Exercise brief:
Exact transcription, pictures omitted: begin at the top line of the records below and end with the line bearing "她的鸳鸯蓝发色,与波点套装倒是有些呼应。".

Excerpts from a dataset
# # # # # # #

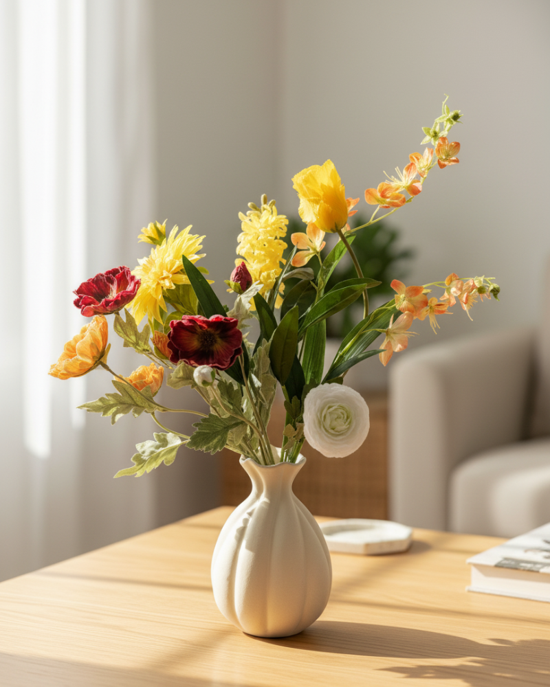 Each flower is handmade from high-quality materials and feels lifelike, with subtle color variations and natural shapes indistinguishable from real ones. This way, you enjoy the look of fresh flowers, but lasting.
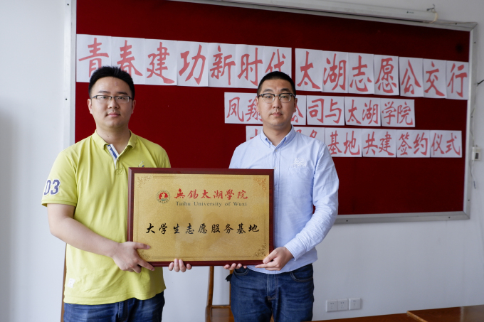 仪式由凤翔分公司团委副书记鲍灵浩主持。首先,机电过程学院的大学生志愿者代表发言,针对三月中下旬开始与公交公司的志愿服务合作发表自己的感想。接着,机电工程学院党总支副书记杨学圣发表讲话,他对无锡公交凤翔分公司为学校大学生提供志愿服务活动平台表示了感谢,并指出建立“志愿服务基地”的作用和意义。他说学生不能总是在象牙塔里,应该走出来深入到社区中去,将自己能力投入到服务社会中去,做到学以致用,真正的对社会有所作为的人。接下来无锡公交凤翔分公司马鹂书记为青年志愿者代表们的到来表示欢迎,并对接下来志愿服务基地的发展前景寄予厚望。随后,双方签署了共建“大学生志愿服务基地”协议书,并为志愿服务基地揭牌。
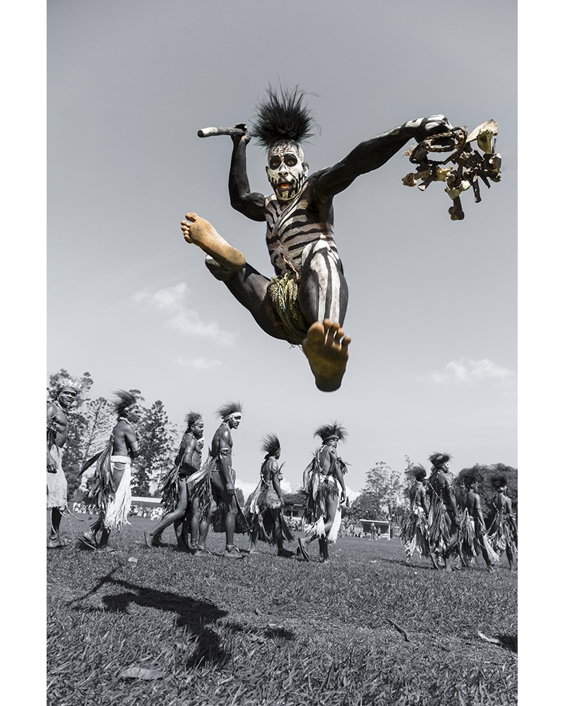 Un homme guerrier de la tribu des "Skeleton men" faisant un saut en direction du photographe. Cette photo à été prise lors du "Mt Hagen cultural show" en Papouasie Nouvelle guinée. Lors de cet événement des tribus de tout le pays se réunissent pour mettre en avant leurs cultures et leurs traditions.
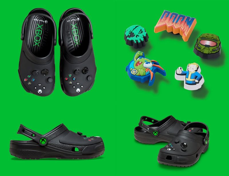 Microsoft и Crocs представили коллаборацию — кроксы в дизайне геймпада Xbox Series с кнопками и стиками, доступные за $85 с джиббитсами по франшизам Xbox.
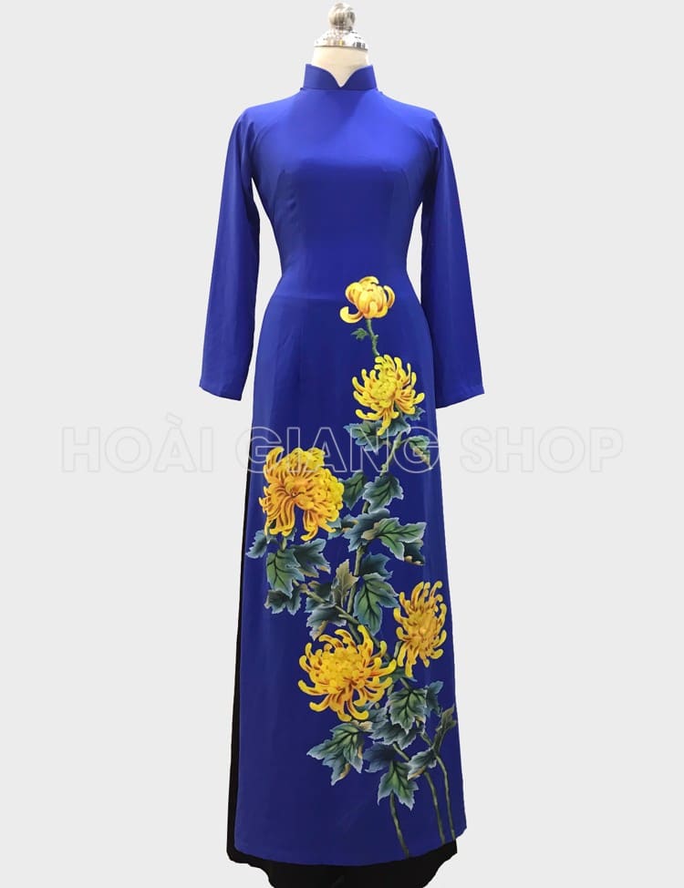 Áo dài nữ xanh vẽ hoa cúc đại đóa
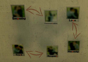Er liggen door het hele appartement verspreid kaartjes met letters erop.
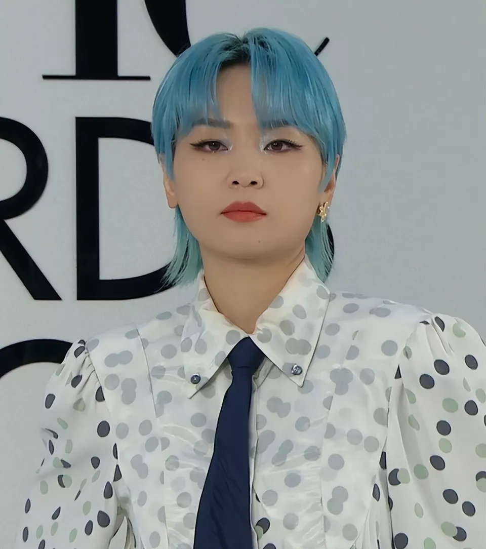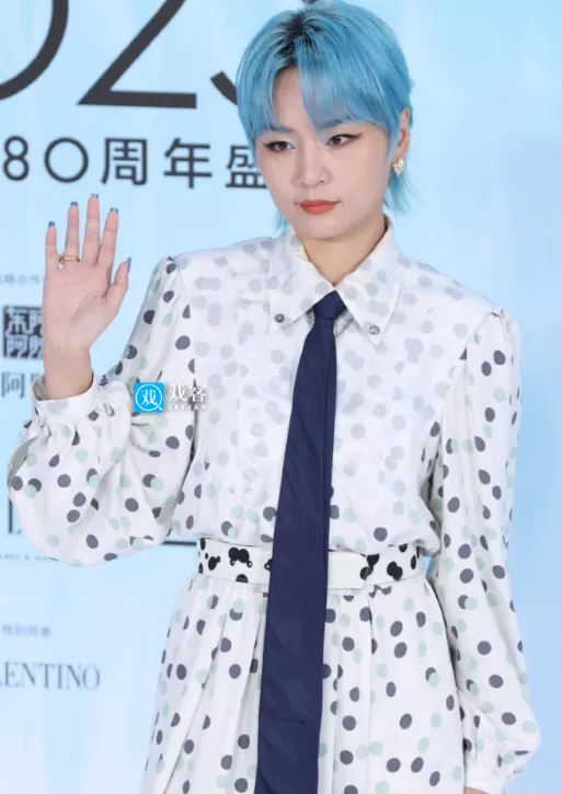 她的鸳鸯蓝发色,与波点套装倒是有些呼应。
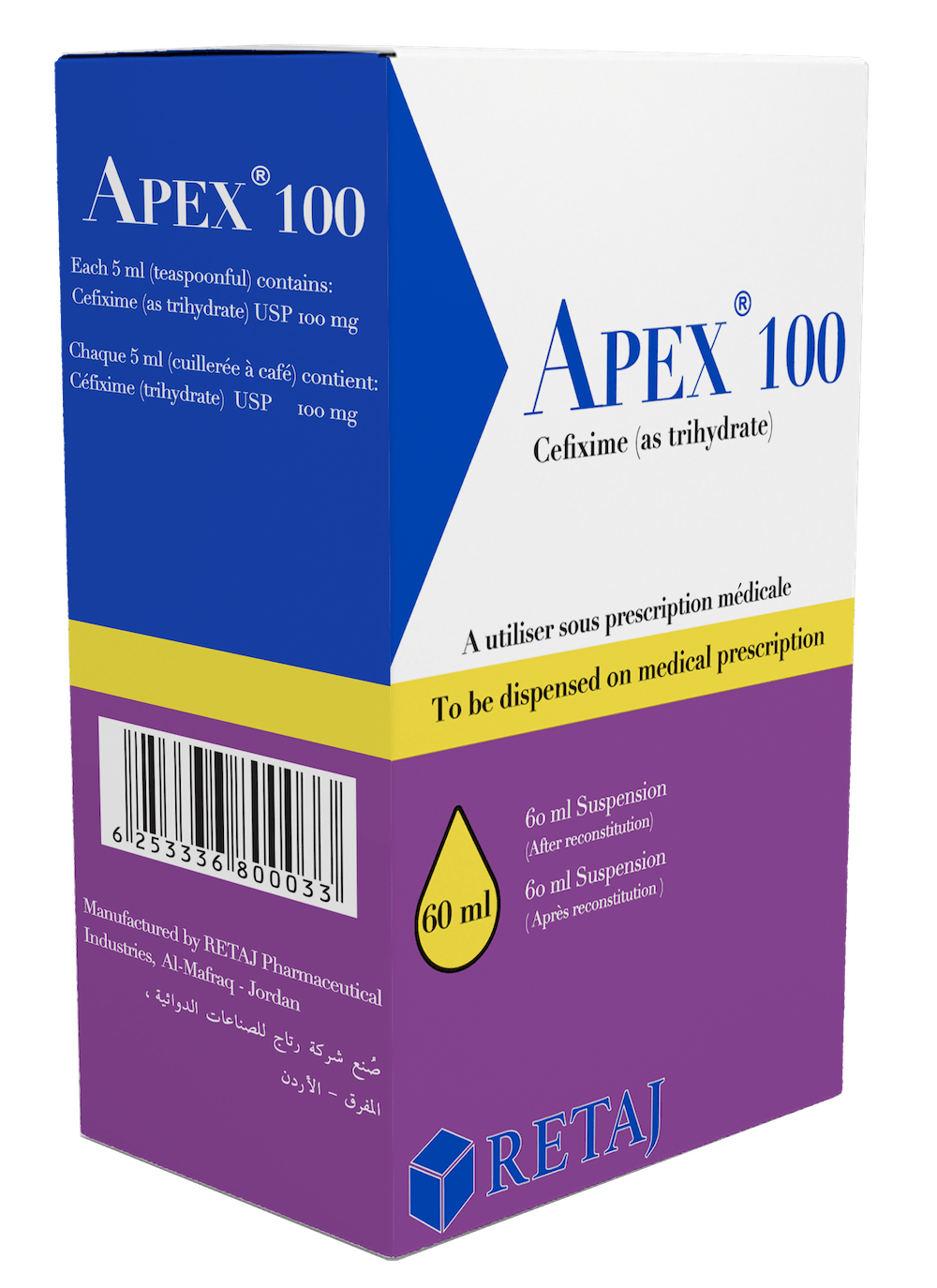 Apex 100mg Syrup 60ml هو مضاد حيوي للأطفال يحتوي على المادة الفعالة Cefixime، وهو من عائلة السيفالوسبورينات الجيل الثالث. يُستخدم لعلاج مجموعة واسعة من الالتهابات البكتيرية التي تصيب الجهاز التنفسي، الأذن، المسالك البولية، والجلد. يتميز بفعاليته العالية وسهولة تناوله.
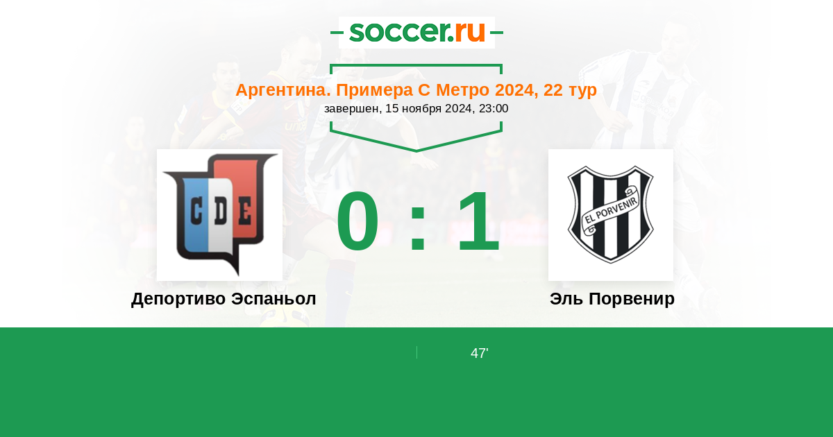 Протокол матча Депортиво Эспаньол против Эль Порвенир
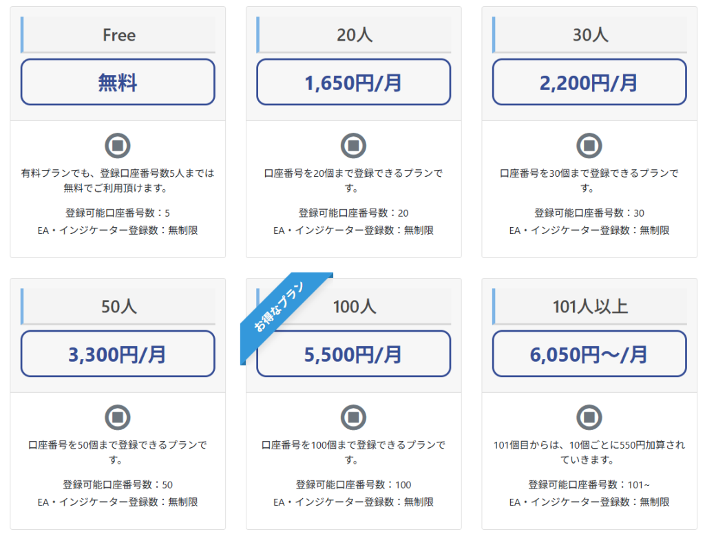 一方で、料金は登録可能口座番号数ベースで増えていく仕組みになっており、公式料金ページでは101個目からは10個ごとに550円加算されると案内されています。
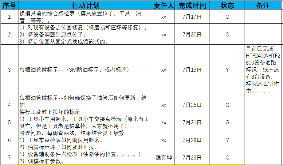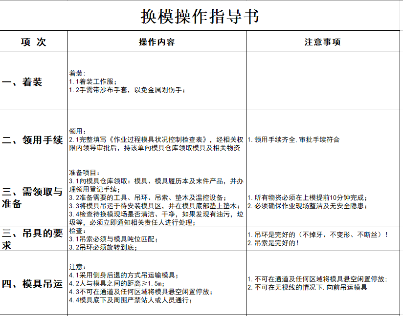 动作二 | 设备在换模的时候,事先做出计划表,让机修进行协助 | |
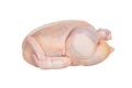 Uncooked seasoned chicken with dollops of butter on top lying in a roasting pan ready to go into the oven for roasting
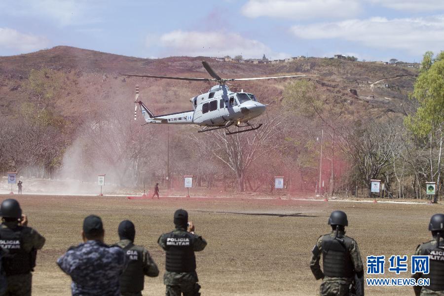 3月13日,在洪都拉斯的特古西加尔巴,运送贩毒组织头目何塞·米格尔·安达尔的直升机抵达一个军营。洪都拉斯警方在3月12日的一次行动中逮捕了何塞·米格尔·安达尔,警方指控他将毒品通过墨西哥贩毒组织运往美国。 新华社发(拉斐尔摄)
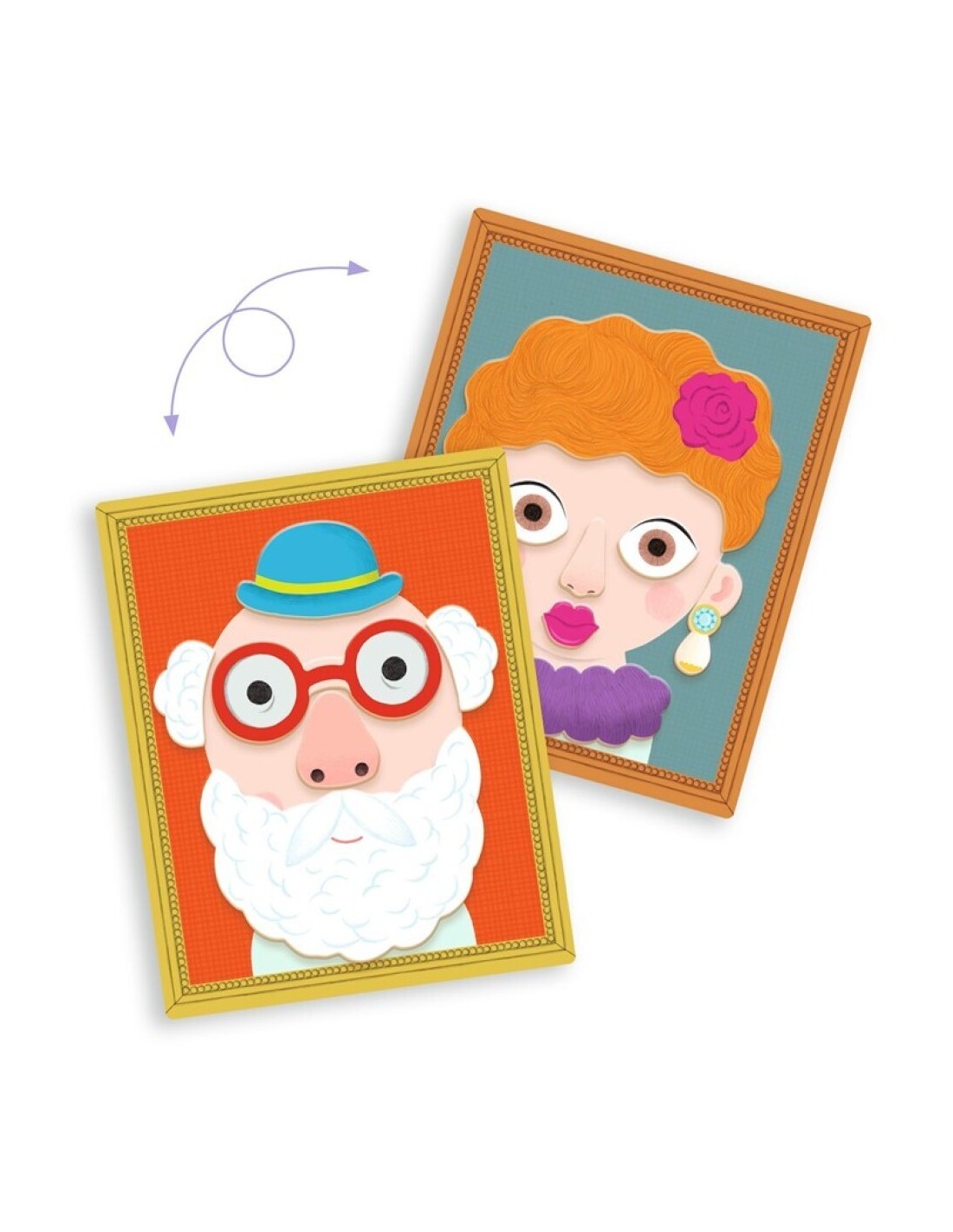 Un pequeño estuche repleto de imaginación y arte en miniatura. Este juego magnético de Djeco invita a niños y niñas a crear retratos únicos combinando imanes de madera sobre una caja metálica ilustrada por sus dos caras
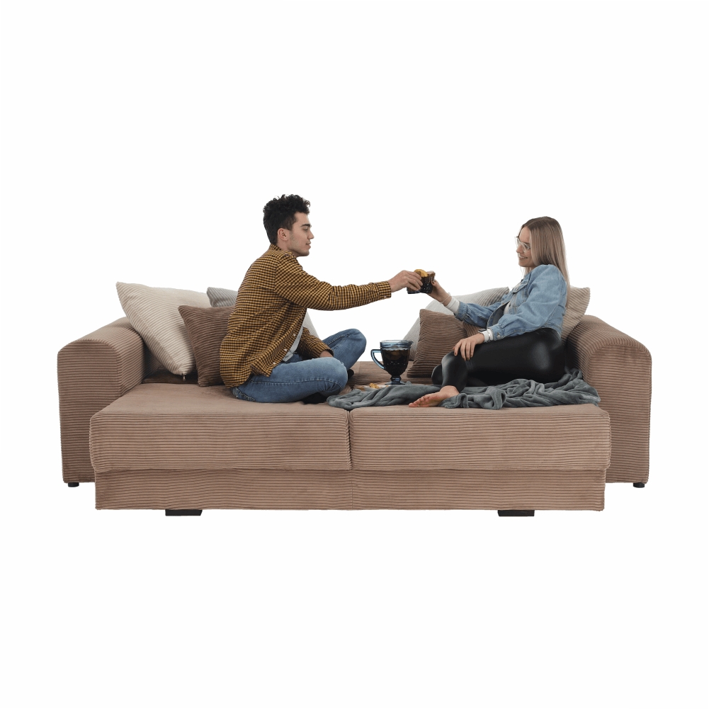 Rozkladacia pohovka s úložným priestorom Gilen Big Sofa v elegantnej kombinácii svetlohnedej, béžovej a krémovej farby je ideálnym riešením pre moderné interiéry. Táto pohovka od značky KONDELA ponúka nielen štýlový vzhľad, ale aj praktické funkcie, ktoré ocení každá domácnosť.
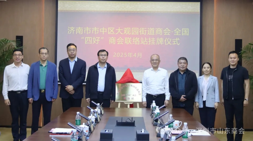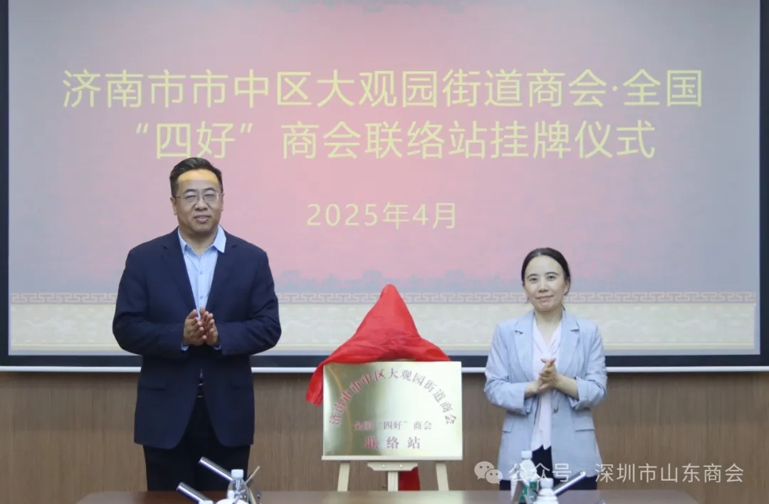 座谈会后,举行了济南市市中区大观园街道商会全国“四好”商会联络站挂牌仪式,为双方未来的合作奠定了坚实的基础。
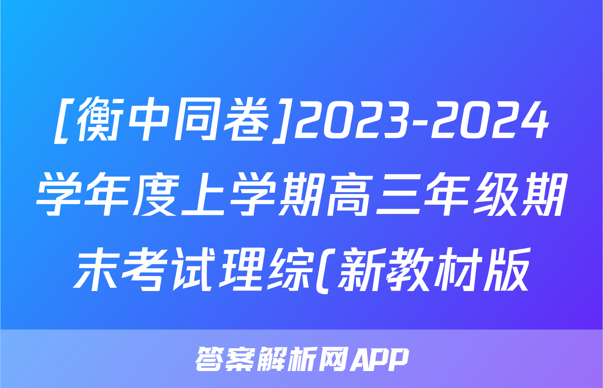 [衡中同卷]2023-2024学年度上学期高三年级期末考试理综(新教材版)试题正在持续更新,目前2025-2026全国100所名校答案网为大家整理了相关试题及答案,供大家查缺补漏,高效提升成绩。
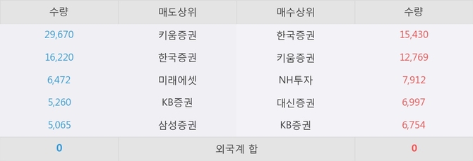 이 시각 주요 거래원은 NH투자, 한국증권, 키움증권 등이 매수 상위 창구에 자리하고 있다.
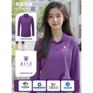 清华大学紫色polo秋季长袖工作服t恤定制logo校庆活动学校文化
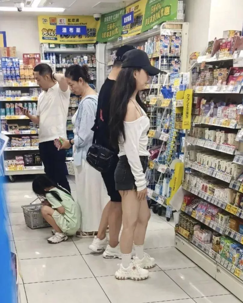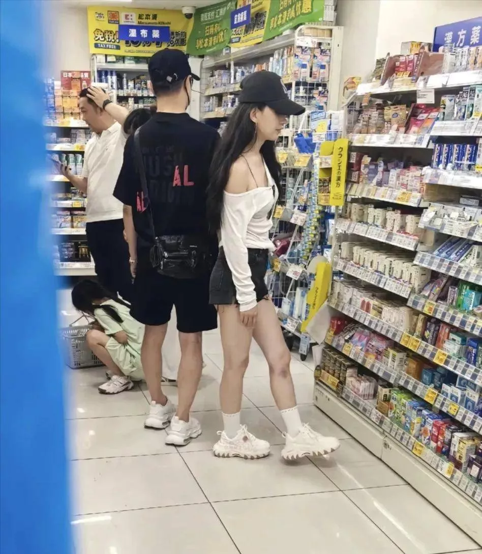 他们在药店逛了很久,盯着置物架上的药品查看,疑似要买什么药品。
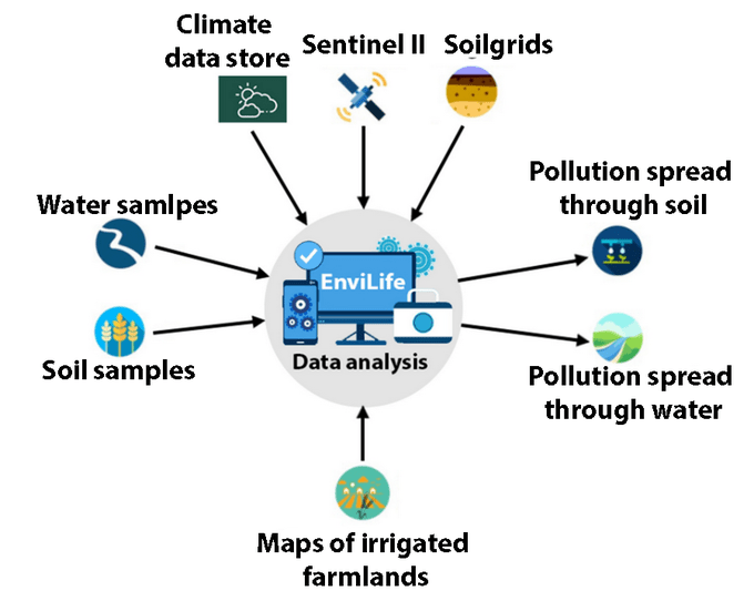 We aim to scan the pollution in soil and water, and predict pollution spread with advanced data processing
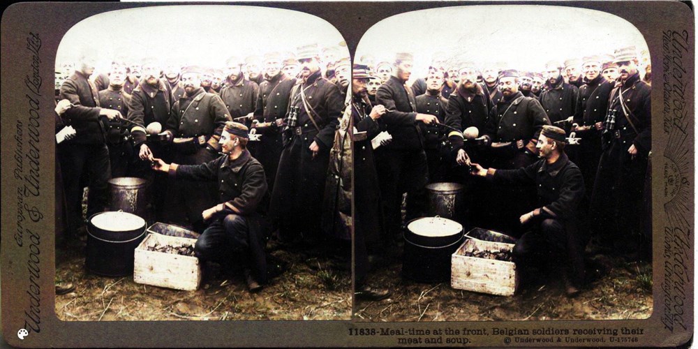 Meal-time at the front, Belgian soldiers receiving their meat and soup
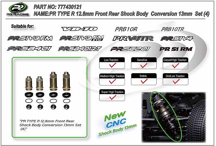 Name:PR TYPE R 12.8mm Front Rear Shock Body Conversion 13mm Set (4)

# # # # # # #

Reply:
 Each flower is handmade from high-quality materials and feels lifelike, with subtle color variations and natural shapes indistinguishable from real ones. This way, you enjoy the look of fresh flowers, but lasting.
 仪式由凤翔分公司团委副书记鲍灵浩主持。首先,机电过程学院的大学生志愿者代表发言,针对三月中下旬开始与公交公司的志愿服务合作发表自己的感想。接着,机电工程学院党总支副书记杨学圣发表讲话,他对无锡公交凤翔分公司为学校大学生提供志愿服务活动平台表示了感谢,并指出建立“志愿服务基地”的作用和意义。他说学生不能总是在象牙塔里,应该走出来深入到社区中去,将自己能力投入到服务社会中去,做到学以致用,真正的对社会有所作为的人。接下来无锡公交凤翔分公司马鹂书记为青年志愿者代表们的到来表示欢迎,并对接下来志愿服务基地的发展前景寄予厚望。随后,双方签署了共建“大学生志愿服务基地”协议书,并为志愿服务基地揭牌。
 Un homme guerrier de la tribu des "Skeleton men" faisant un saut en direction du photographe. Cette photo à été prise lors du "Mt Hagen cultural show" en Papouasie Nouvelle guinée. Lors de cet événement des tribus de tout le pays se réunissent pour mettre en avant leurs cultures et leurs traditions.
 Microsoft и Crocs представили коллаборацию — кроксы в дизайне геймпада Xbox Series с кнопками и стиками, доступные за $85 с джиббитсами по франшизам Xbox.
 Áo dài nữ xanh vẽ hoa cúc đại đóa
Er liggen door het hele appartement verspreid kaartjes met letters erop.
 她的鸳鸯蓝发色,与波点套装倒是有些呼应。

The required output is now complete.